The corrected release reads:
TALBOTS AND BPW AGREE TO TECHNICAL AMENDMENT TO MERGER AGREEMENT TO PROVIDE GREATER ASSURANCE TO BPW SHAREHOLDERS REGARDING VALUE OF MERGER CONSIDERATION
The Talbots, Inc. (NYSE:TLB) and BPW Acquisition Corp. (“BPW”) (AMEX: BPW) today announced an amendment to the previously announced merger agreement pursuant to which BPW will be acquired by Talbots.
The exchange ratio under the original terms of the merger agreement was calculated at the closing of trading on February 16, 2010 to be 0.9853 Talbots shares per BPW common share. In order to address possible fluctuations in the price of Talbots common stock prior to the closing of the transaction, the parties have agreed to amend the merger agreement to provide for the application of an alternative exchange ratio to the merger if it is greater than 0.9853 when calculated. The alternative ratio will be calculated at the close of trading on the date immediately preceding the date of the closing of the transaction and will be based on dividing $11.25 by the average of the daily volume weighted average price per share of Talbots common stock on the NYSE over each of the five consecutive trading days immediately preceding the date of the completion of the merger.

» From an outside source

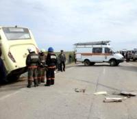 Авария произошла на 10-м километре Покровского тракта. Маршрутный автобус, следующего рейсом по маршруту Табага-Якутск, столкнулся с внедорожником Toyota Land Cruiser.

The close of the transaction is expected to occur during the first calendar quarter of 2010.
The amendment is intended to provide greater assurance that BPW shareholders will receive approximately $11.25 in value in Talbots common shares at the time of the closing of the transaction. The previously disclosed collar on the merger consideration of 0.9000 — 1.3235 Talbots shares per BPW share remains unchanged and would apply to the alternative exchange ratio.

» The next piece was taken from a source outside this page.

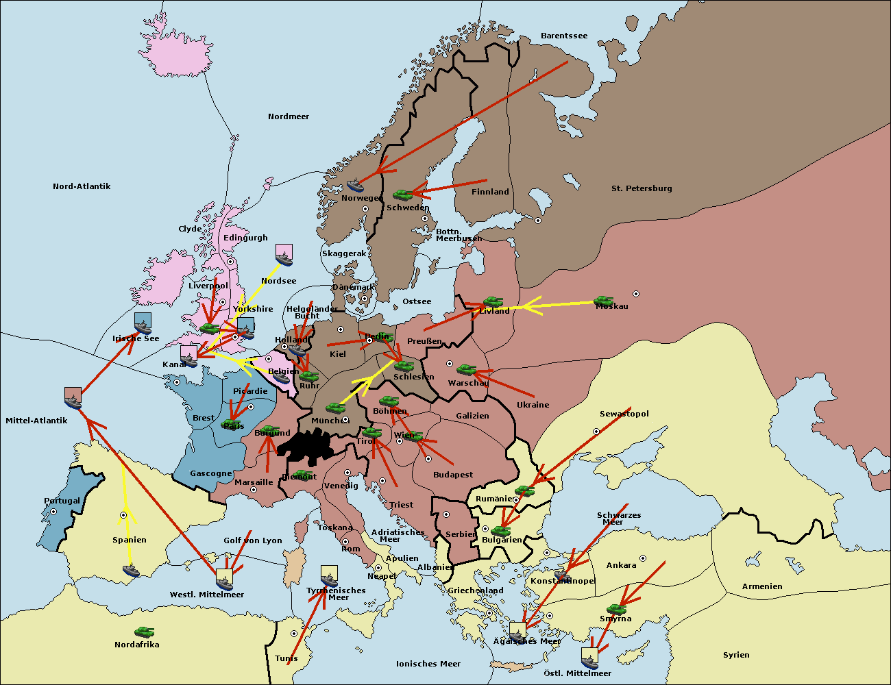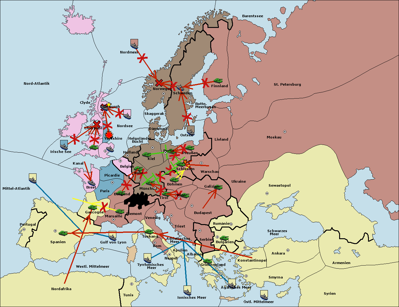 • Die Flotte in London move nach Nordsee. (gescheitert)

In addition, as a result of the amendment, the terms of the related exchange offer contemplated by the merger agreement for existing BPW warrants held by public warrantholders will be similarly adjusted to take into account the ultimately applicable exchange ratio determined as described above. The exchange offer will provide that 50% of the BPW warrants held by public warrantholders will be exchanged for a number of new Talbots warrants based on the ultimately applicable exchange ratio, and that the balance of BPW warrants held by public warrantholders participating in the exchange offer would be exchanged for a number of Talbots common shares based on a floating exchange ratio equal to one-tenth of ultimately applicable exchange ratio in the merger as determined under the amended merger agreement.

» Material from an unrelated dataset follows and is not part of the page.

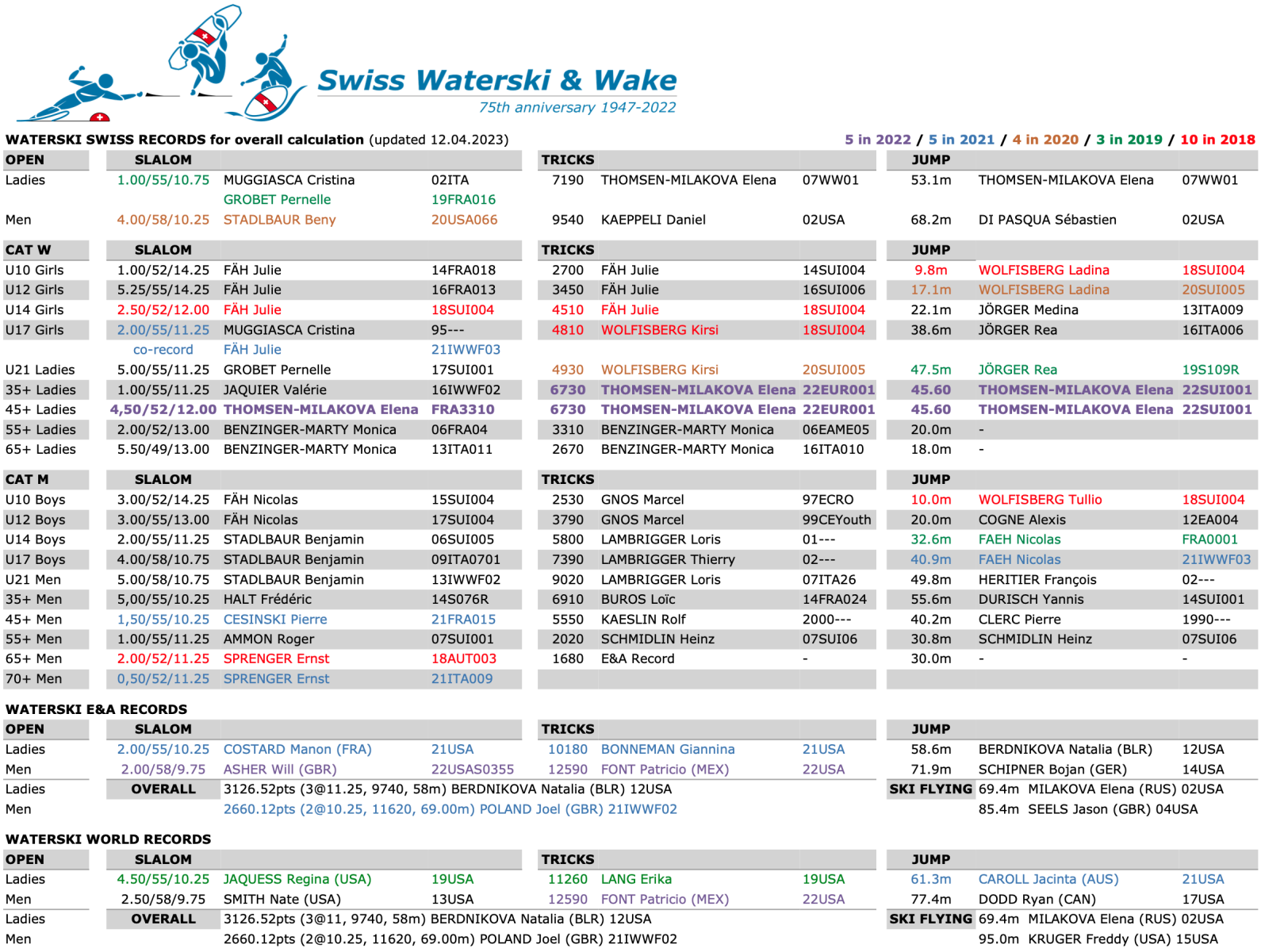 Ci-joint le tableau des records suisses par catégorie depuis 1980

As previously disclosed, a special meeting of the stockholders of BPW Acquisition Corp. is scheduled to be held on February 24, 2010 at 10:00 a.m. to consider the merger agreement, as amended. The meeting will be held at the offices of Wachtell, Lipton, Rosen & Katz, 51 West 52nd Street, New York, NY 10019. The record date has also not changed. Only BPW stockholders who owned shares of BPW common stock
at the close of business on January 15, 2010, the record date for the special meeting, will be entitled to vote at the special meeting.
About The Talbots, Inc.
The Talbots, Inc. is a leading specialty retailer and direct marketer of women’s apparel, shoes and accessories. At the end of fourth quarter 2009, the Company operated 580 Talbots brand stores in 46 states, the District of Columbia, and Canada. Talbots brand on-line shopping site is located at www.talbots.com.
About BPW Acquisition Corp.
BPW Acquisition Corp. is a special purpose acquisition company formed in 2008 for the purpose of effecting a merger, capital stock exchange, asset acquisition, stock purchase, reorganization or other similar business combination with one or more operating businesses.
Cautionary Statement and Certain Risk Factors to Consider
In addition to the information set forth in this press release, you should carefully consider the risk factors and risks and uncertainties included in each of Talbots and BPW’s Annual Report on Form 10-K and Quarterly Reports on Form 10-Q, as well as in this press release below.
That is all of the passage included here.